The accuracy in the dose computations is very important; the total error should be lower than 5%. As abnormal tissues are irradiated, neighbouring healthy tissues absorb some of the dose from the scattered rays by necessity [23]. The non-target tissues in the breast receive an average of 14.3% of the dose [24,25,26]. There is a minor difference between the calculated and reported values, resulting from fluctuations and statistical oversights [27]. However, the difference in values is neglected in practical applications [28].

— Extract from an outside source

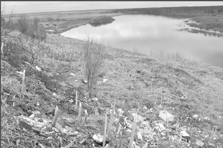
В д. Сюзяб такие несанкционированные свалки навалены вдоль всего берега р. Вишера. Некоторый мусор (стекла, банки, пластик) уже спустился до воды.

The deformed angle calculated from Eq. (1) is a constant criterion under all situations. A minor error will exist in the results when the protocol proposed here is followed, because the breast cannot precisely take the CR shape because of the curvature of the borders of the volume.

5 Conclusions

A new method was proposed to decrease the dose absorbed in adjacent healthy tissues based on the deformation of breast tissue. This deformation of the breasts into the CR shape was permitted by the flexibility of the breast tissue. The absorbed dose and KVs were simulated in the different shapes by the MCNPX code. The results showed that at low energy of ray, the dose and Kerma values were similar, and with increasing depth, both decreased. The Kerma at different depths was approximately constant for the CR shape, but decreased linearly in the CC shape. The probability of ray-material interactions increased for the CC shape due to the large solid angle of the geometry. Smaller solid angles correlate to lower probabilities of interactions, which will decrease the Kerma because the production and interaction of rays follow random models. Finally, deformation of the breast may prevent injuries to healthy tissue in the treatment and imaging processes.